RECORDS PROVIDED —
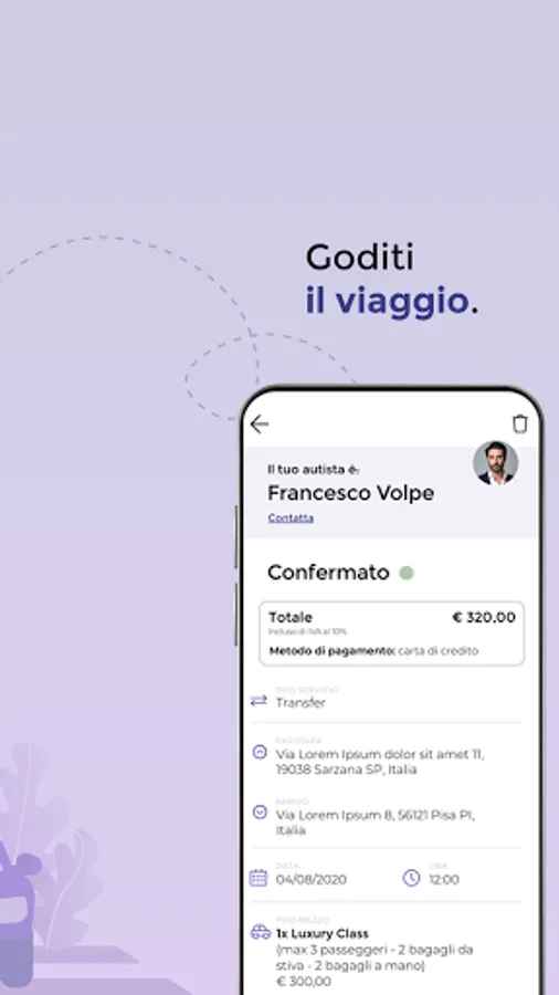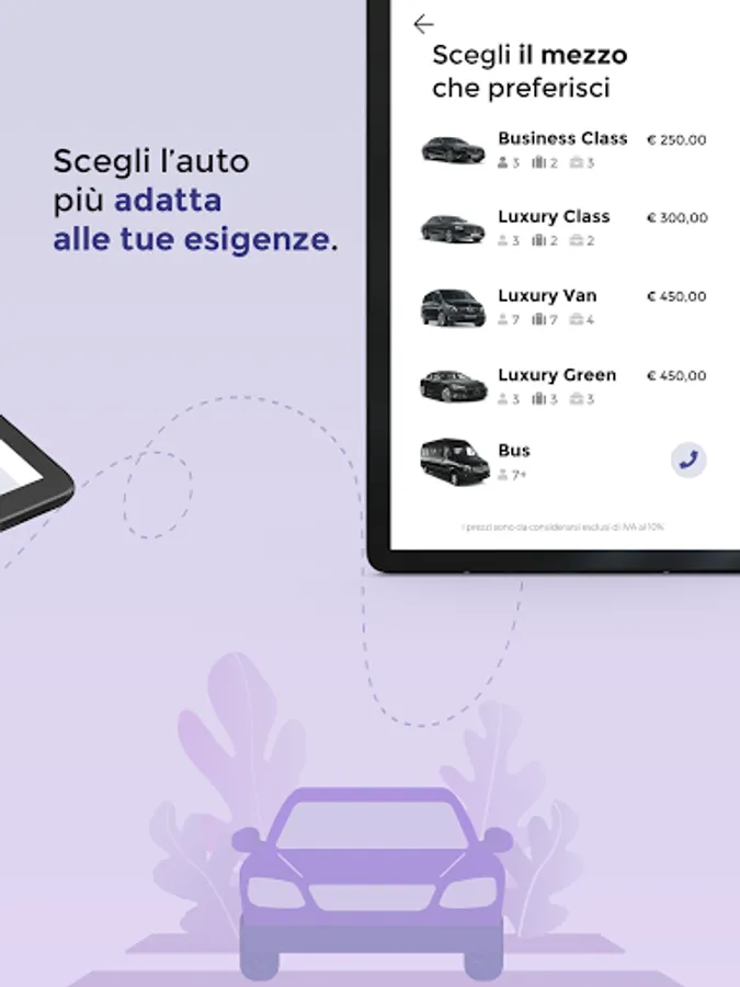 The first Italian application for rental with driver, to go wherever you want, when you want. A flexible premium service, for business trips, events, transfers in the city or elsewhere.
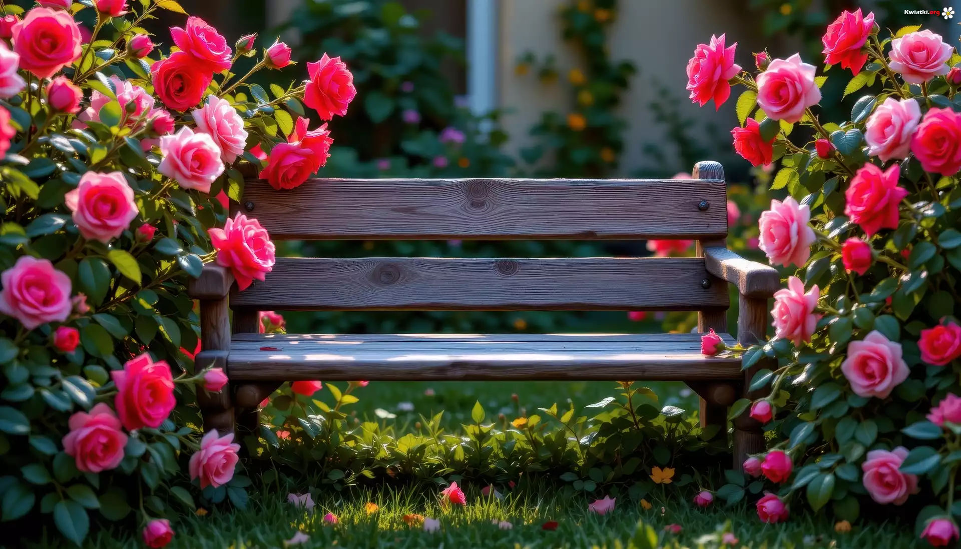 Kwiat Drewniana, Ławka, Różowe, Czerwone, Róże
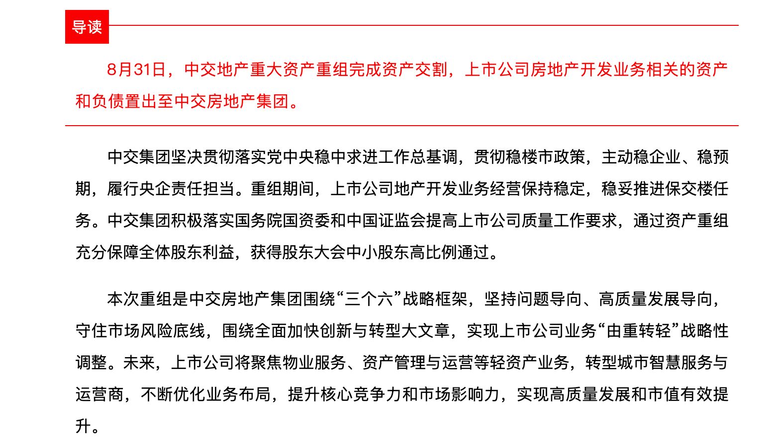 9月1日,“中国交建”微信公众号官宣:中交地产重大资产重组完成资产交割,上市公司房地产开发业务相关的资产和负债置出至中交房地产集团(即上文所述地产集团);实现上市公司业务“由重转轻”战略性调整,未来将聚焦物业服务、资产管理与运营等轻资产业务,转型城市智慧服务与运营商。
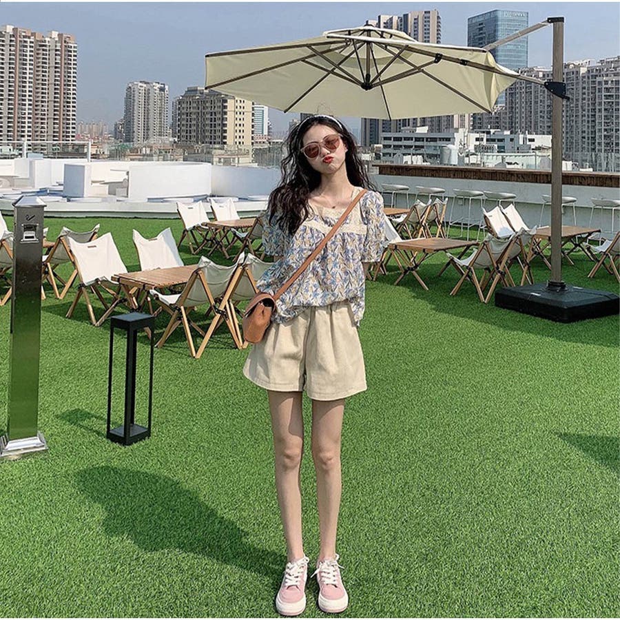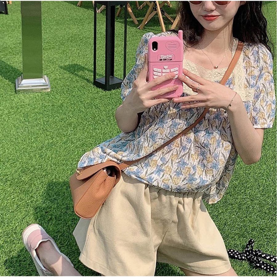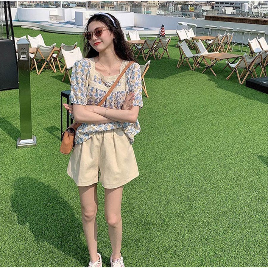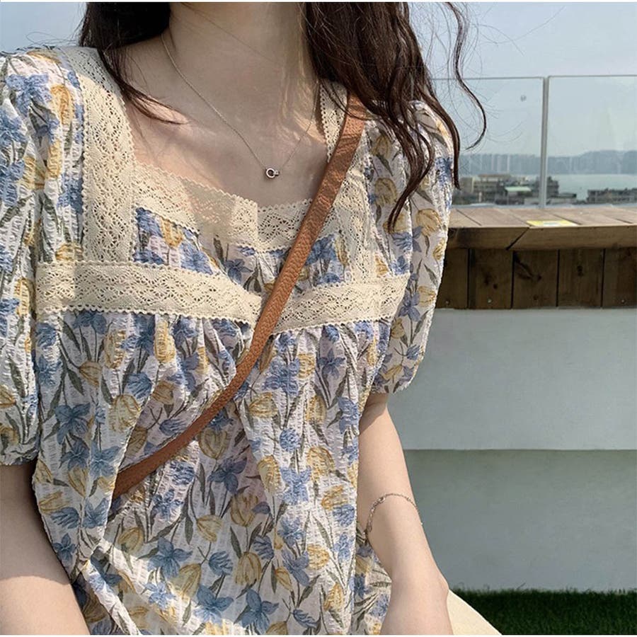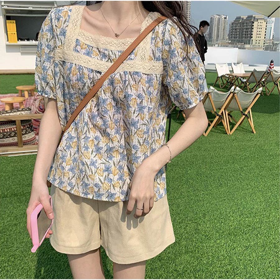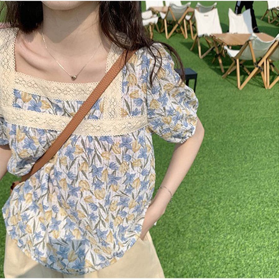 トップスブラウス スクエアネック 春 夏 花柄 かわいい
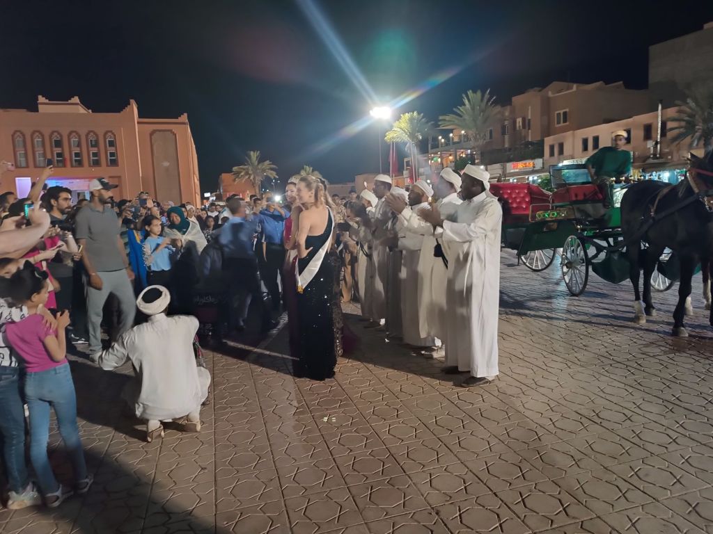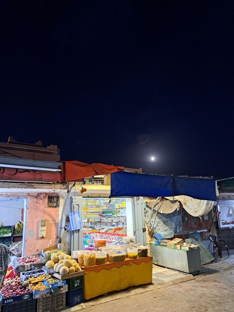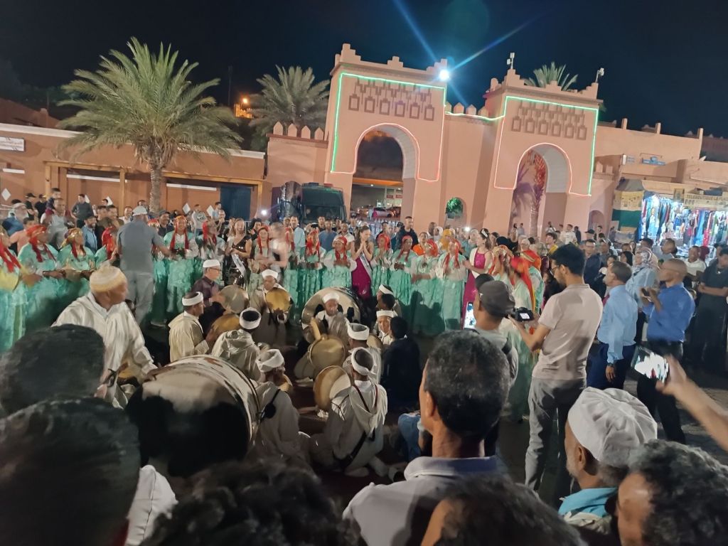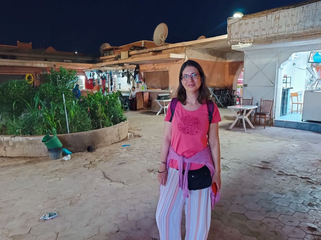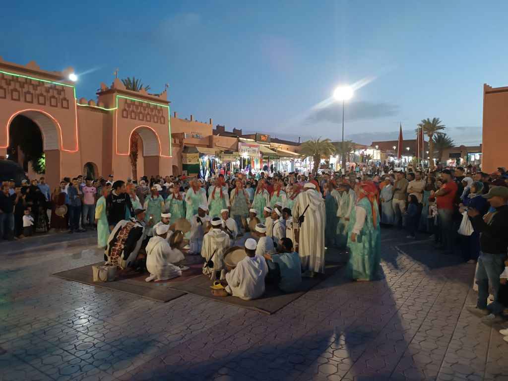 Ens encaminem finalment cap a Ouarzazate on pasarem nit. Arribem amb la posta de sol i ens apropem al centre on hi ha molt d’ambient. En una plaça hi ha gent tocant, cantant i ballant música tradicional. Són varis grups de gent tocant tots alhora. Està a petar de gent. Al voltant de la plaça carrers amb botigues tipo basar i un mercat. Després de fer una volta sopem unes pizzes en una terrassa de la plaça gaudint de l’ambient i jo agafant mal de cap del soroll que se sentía. Estant allà apareix una calesa de la que baixen quatre noies vestides de luju amb una banda creuada al cos i van de grup en grup fent-se fotos. Ma germana pensa que és una celebració d’algun tipus, jo que segur que cada dia hi ha aquest ambient. Cap a les 11 comencen a plegar. Després hem descobert que en uns dies hi ha un festival de música tradicional, però no sabem si hi ha alguna relació.
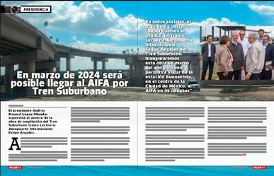 honesto, capaz de salvaguardar la vida, las libertades, la integridad y el patrimonio de las personas. e PRESIDENCIA 08 EN MARZO de 2024 será posible llegar al AIFA por Tren Suburbano. SENADO 10 PRI en el Senado propone regular un eventual gobierno de coalición. CDMX 22 CDMX GARANTIZA a personal de salud mejoras laborales con IMSS-Bienestar. INTERNACIONAL 48 GENERAL RUSO Surovikin es arrestado por su presunta vinculación con el motín del grupo Wagner. SUMARIO 02-07-2023
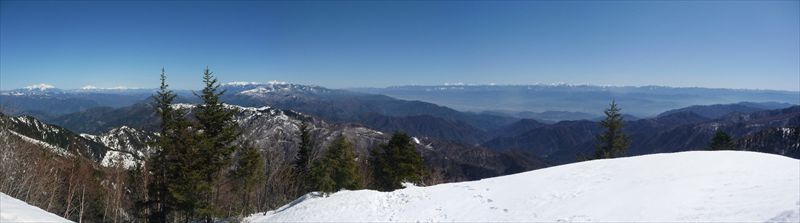 木曾駒をはさんで左から御嶽・乗鞍、右に南アルプス

EXERCISE DESCRIPTION — For this exercise, retype the data above exactly and skip every image.

EXERCISE ANSWER —
 The first Italian application for rental with driver, to go wherever you want, when you want. A flexible premium service, for business trips, events, transfers in the city or elsewhere.
 Kwiat Drewniana, Ławka, Różowe, Czerwone, Róże
 9月1日,“中国交建”微信公众号官宣:中交地产重大资产重组完成资产交割,上市公司房地产开发业务相关的资产和负债置出至中交房地产集团(即上文所述地产集团);实现上市公司业务“由重转轻”战略性调整,未来将聚焦物业服务、资产管理与运营等轻资产业务,转型城市智慧服务与运营商。
 トップスブラウス スクエアネック 春 夏 花柄 かわいい
 Ens encaminem finalment cap a Ouarzazate on pasarem nit. Arribem amb la posta de sol i ens apropem al centre on hi ha molt d’ambient. En una plaça hi ha gent tocant, cantant i ballant música tradicional. Són varis grups de gent tocant tots alhora. Està a petar de gent. Al voltant de la plaça carrers amb botigues tipo basar i un mercat. Després de fer una volta sopem unes pizzes en una terrassa de la plaça gaudint de l’ambient i jo agafant mal de cap del soroll que se sentía. Estant allà apareix una calesa de la que baixen quatre noies vestides de luju amb una banda creuada al cos i van de grup en grup fent-se fotos. Ma germana pensa que és una celebració d’algun tipus, jo que segur que cada dia hi ha aquest ambient. Cap a les 11 comencen a plegar. Després hem descobert que en uns dies hi ha un festival de música tradicional, però no sabem si hi ha alguna relació.
 honesto, capaz de salvaguardar la vida, las libertades, la integridad y el patrimonio de las personas. e PRESIDENCIA 08 EN MARZO de 2024 será posible llegar al AIFA por Tren Suburbano. SENADO 10 PRI en el Senado propone regular un eventual gobierno de coalición. CDMX 22 CDMX GARANTIZA a personal de salud mejoras laborales con IMSS-Bienestar. INTERNACIONAL 48 GENERAL RUSO Surovikin es arrestado por su presunta vinculación con el motín del grupo Wagner. SUMARIO 02-07-2023
 木曾駒をはさんで左から御嶽・乗鞍、右に南アルプス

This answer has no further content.